[Material for the task]

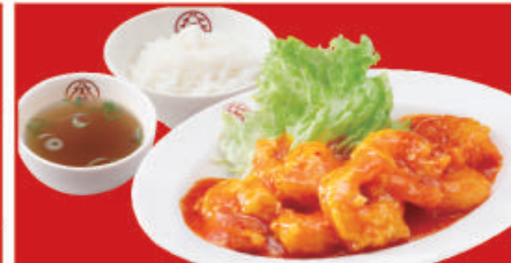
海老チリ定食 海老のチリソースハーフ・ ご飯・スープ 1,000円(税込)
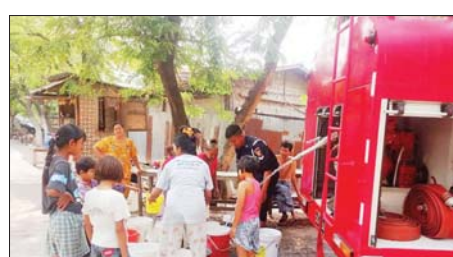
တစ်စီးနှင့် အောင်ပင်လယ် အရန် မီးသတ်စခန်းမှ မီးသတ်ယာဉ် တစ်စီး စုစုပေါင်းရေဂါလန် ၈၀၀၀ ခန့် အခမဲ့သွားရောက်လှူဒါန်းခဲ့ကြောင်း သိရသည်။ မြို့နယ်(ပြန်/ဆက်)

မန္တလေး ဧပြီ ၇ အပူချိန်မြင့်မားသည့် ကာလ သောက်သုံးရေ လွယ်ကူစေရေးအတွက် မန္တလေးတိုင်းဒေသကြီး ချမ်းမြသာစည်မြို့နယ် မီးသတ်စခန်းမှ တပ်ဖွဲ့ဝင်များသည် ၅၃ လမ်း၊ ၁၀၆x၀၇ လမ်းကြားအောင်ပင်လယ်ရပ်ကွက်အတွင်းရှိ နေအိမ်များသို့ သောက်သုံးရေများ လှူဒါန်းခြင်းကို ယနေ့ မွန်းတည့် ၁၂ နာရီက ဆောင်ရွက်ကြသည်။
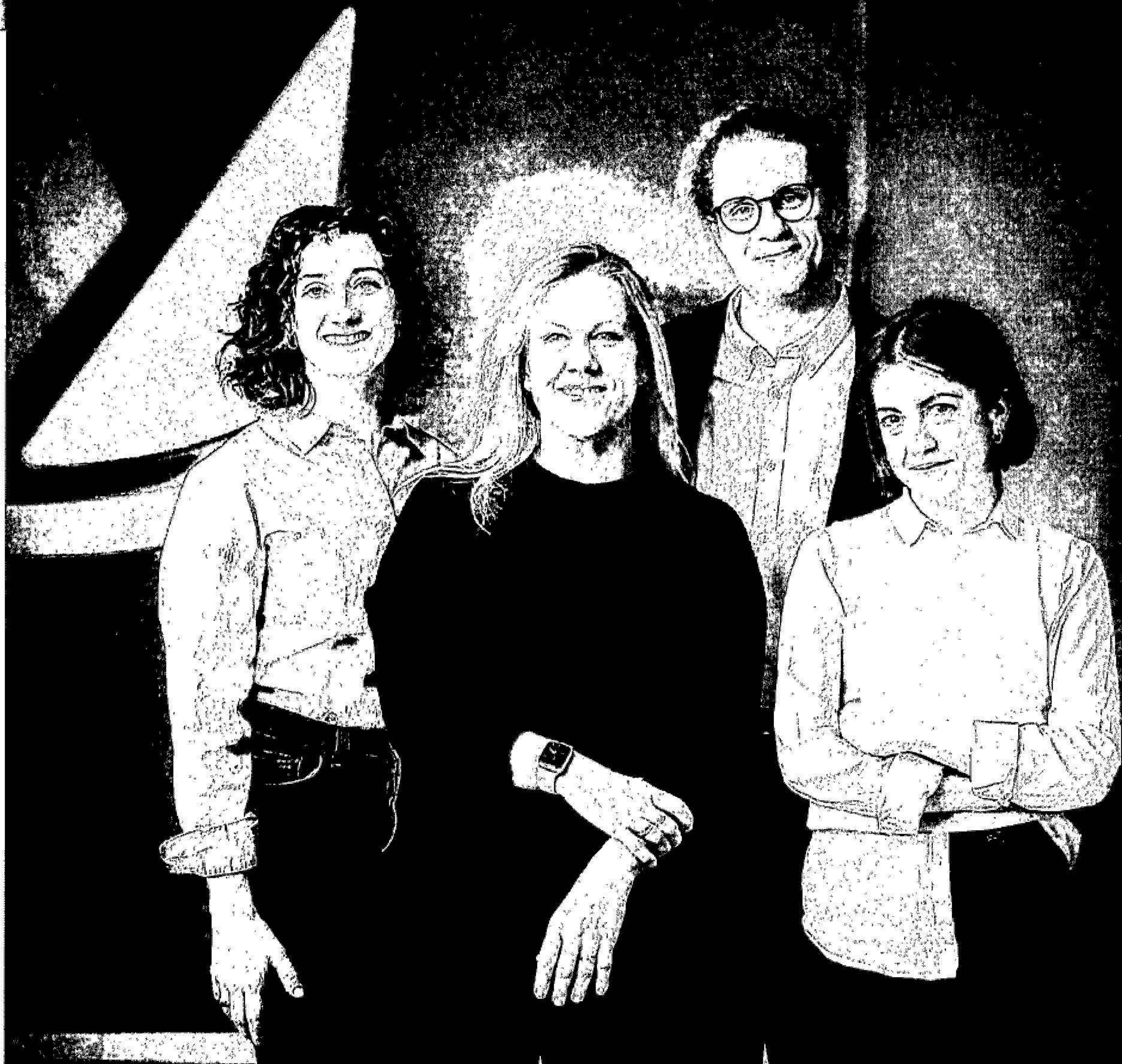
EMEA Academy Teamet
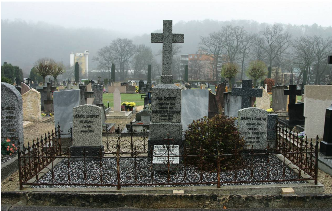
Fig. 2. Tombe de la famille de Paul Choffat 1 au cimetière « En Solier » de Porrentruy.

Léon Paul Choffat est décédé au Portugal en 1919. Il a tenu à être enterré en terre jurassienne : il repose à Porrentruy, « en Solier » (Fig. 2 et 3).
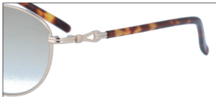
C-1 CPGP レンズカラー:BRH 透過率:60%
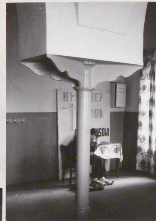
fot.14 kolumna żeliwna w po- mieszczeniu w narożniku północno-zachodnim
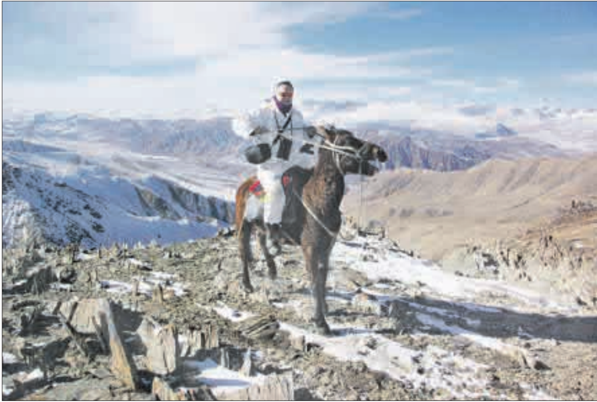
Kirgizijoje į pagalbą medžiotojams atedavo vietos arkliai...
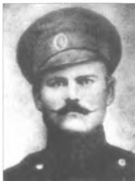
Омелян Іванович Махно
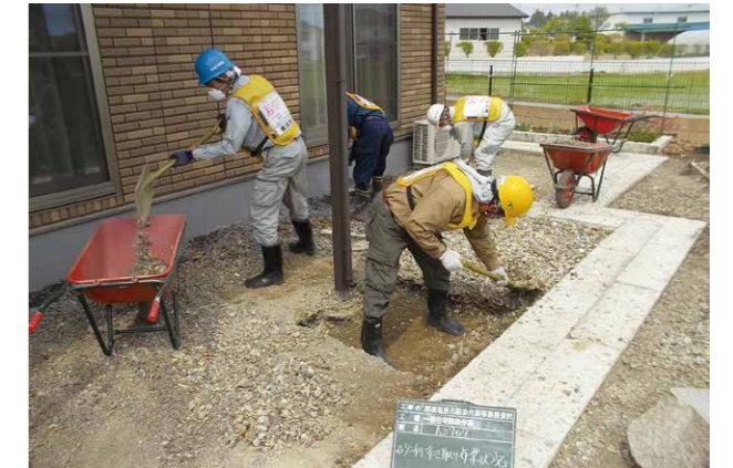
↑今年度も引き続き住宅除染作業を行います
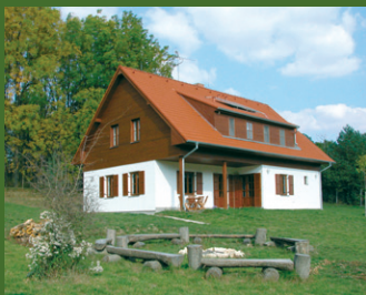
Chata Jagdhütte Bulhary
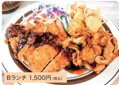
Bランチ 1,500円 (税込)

[/Material for the task]
[Material for the task]

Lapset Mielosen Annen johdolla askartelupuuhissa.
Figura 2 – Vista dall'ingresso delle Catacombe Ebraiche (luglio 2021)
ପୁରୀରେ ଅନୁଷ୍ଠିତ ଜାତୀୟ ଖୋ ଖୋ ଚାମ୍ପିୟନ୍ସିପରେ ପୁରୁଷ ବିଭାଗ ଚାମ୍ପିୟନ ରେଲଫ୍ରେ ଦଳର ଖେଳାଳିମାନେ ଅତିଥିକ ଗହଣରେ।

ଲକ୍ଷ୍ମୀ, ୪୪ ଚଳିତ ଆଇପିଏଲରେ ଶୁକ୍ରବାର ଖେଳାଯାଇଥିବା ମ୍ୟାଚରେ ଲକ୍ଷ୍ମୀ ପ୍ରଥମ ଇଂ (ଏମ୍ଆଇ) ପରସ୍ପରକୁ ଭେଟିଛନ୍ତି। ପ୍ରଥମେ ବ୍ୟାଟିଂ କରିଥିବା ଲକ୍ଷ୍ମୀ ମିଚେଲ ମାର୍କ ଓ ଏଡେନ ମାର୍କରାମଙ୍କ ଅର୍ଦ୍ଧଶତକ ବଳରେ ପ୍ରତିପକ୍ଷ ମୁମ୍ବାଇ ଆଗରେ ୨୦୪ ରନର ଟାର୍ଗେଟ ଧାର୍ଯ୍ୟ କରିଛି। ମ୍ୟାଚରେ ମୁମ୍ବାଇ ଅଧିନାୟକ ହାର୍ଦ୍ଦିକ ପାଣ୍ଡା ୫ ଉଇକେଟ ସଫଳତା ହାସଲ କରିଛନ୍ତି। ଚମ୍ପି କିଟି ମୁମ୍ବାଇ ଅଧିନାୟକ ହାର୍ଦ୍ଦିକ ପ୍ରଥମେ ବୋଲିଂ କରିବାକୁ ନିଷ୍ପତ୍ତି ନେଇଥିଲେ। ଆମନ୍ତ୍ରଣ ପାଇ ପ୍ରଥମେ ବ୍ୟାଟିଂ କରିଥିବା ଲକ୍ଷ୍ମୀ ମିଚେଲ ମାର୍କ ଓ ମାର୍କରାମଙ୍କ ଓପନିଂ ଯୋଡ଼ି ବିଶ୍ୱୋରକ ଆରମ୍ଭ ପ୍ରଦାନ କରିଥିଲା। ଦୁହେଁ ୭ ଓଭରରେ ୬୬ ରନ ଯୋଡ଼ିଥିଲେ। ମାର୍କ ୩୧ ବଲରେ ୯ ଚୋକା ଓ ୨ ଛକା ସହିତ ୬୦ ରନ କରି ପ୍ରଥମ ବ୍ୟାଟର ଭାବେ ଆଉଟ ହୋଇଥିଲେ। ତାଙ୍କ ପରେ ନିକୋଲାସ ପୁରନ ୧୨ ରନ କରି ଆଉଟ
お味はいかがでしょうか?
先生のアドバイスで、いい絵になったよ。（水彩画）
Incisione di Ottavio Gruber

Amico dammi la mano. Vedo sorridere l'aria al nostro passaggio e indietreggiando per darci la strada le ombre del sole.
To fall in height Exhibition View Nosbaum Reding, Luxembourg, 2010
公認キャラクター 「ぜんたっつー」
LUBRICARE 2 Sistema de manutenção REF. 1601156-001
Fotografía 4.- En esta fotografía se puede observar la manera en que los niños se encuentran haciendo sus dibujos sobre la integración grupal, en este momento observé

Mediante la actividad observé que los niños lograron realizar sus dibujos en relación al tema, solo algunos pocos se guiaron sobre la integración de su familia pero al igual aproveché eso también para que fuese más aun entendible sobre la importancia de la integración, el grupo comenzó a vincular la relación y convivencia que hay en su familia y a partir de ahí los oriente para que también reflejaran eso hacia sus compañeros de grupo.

[/Material for the task]
[Material for the task]

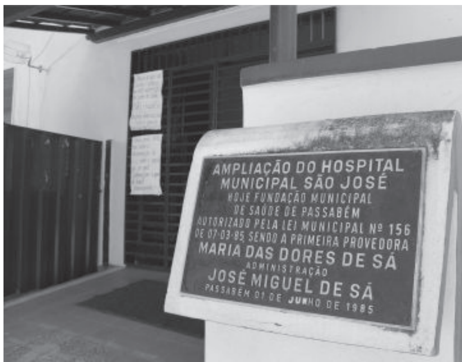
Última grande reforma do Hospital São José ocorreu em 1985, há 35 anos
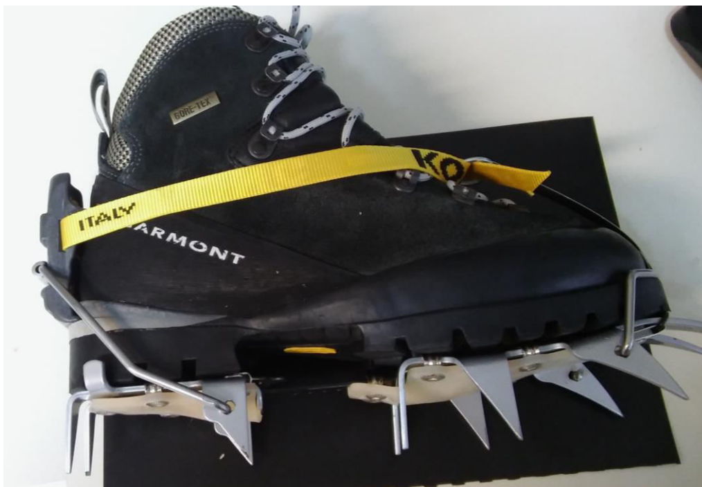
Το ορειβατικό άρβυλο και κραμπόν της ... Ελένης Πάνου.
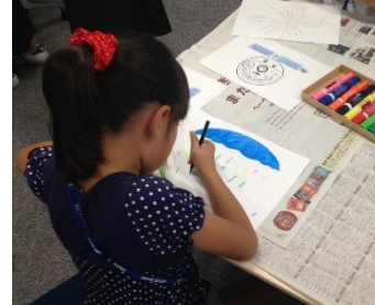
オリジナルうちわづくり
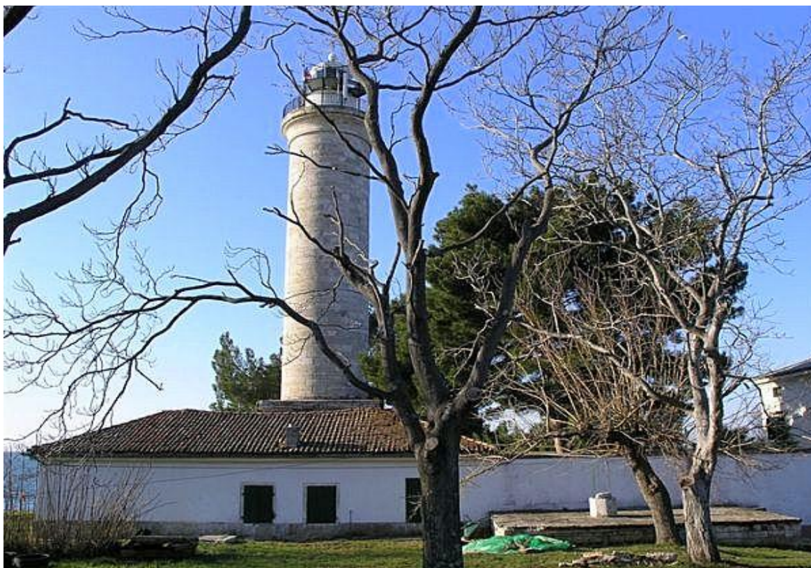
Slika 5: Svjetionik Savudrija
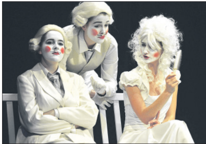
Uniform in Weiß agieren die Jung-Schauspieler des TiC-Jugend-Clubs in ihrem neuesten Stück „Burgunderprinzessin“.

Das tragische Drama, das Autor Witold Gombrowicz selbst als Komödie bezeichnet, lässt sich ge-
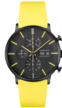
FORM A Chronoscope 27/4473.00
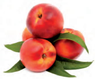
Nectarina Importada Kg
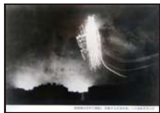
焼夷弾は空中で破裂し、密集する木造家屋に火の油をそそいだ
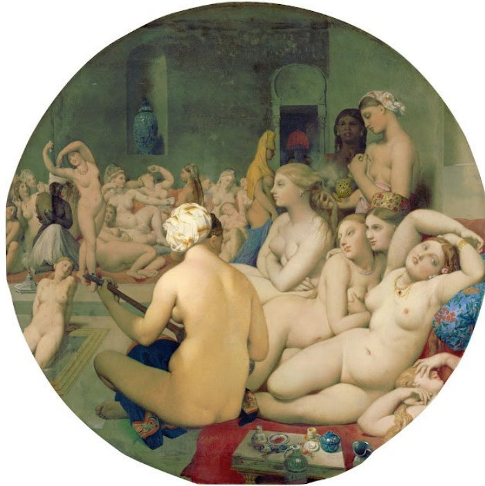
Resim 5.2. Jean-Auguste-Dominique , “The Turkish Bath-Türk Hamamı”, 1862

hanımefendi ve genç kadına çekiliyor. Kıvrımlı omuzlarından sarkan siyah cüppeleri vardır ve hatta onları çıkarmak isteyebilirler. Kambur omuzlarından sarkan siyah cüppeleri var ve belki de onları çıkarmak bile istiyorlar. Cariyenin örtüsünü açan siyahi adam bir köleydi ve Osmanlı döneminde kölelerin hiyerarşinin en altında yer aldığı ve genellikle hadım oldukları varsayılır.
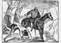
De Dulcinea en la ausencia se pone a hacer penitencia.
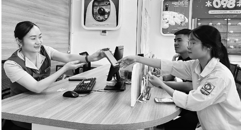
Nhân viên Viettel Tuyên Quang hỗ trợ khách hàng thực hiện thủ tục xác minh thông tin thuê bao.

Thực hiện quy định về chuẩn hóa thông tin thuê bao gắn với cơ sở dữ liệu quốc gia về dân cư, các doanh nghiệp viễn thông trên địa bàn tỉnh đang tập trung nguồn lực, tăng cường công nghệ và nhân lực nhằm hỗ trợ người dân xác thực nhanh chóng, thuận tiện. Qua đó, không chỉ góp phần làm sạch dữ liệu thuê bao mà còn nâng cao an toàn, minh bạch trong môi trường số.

[/Material for the task]

Your objective: Look above for the line holding "Incisione di Ottavio Gruber" and the line holding "Mediante la actividad", then output exactly those two lines and every line between them, nothing more.

Answer space:
Incisione di Ottavio Gruber

Amico dammi la mano. Vedo sorridere l'aria al nostro passaggio e indietreggiando per darci la strada le ombre del sole.
To fall in height Exhibition View Nosbaum Reding, Luxembourg, 2010
公認キャラクター 「ぜんたっつー」
LUBRICARE 2 Sistema de manutenção REF. 1601156-001
Fotografía 4.- En esta fotografía se puede observar la manera en que los niños se encuentran haciendo sus dibujos sobre la integración grupal, en este momento observé

Mediante la actividad observé que los niños lograron realizar sus dibujos en relación al tema, solo algunos pocos se guiaron sobre la integración de su familia pero al igual aproveché eso también para que fuese más aun entendible sobre la importancia de la integración, el grupo comenzó a vincular la relación y convivencia que hay en su familia y a partir de ahí los oriente para que también reflejaran eso hacia sus compañeros de grupo.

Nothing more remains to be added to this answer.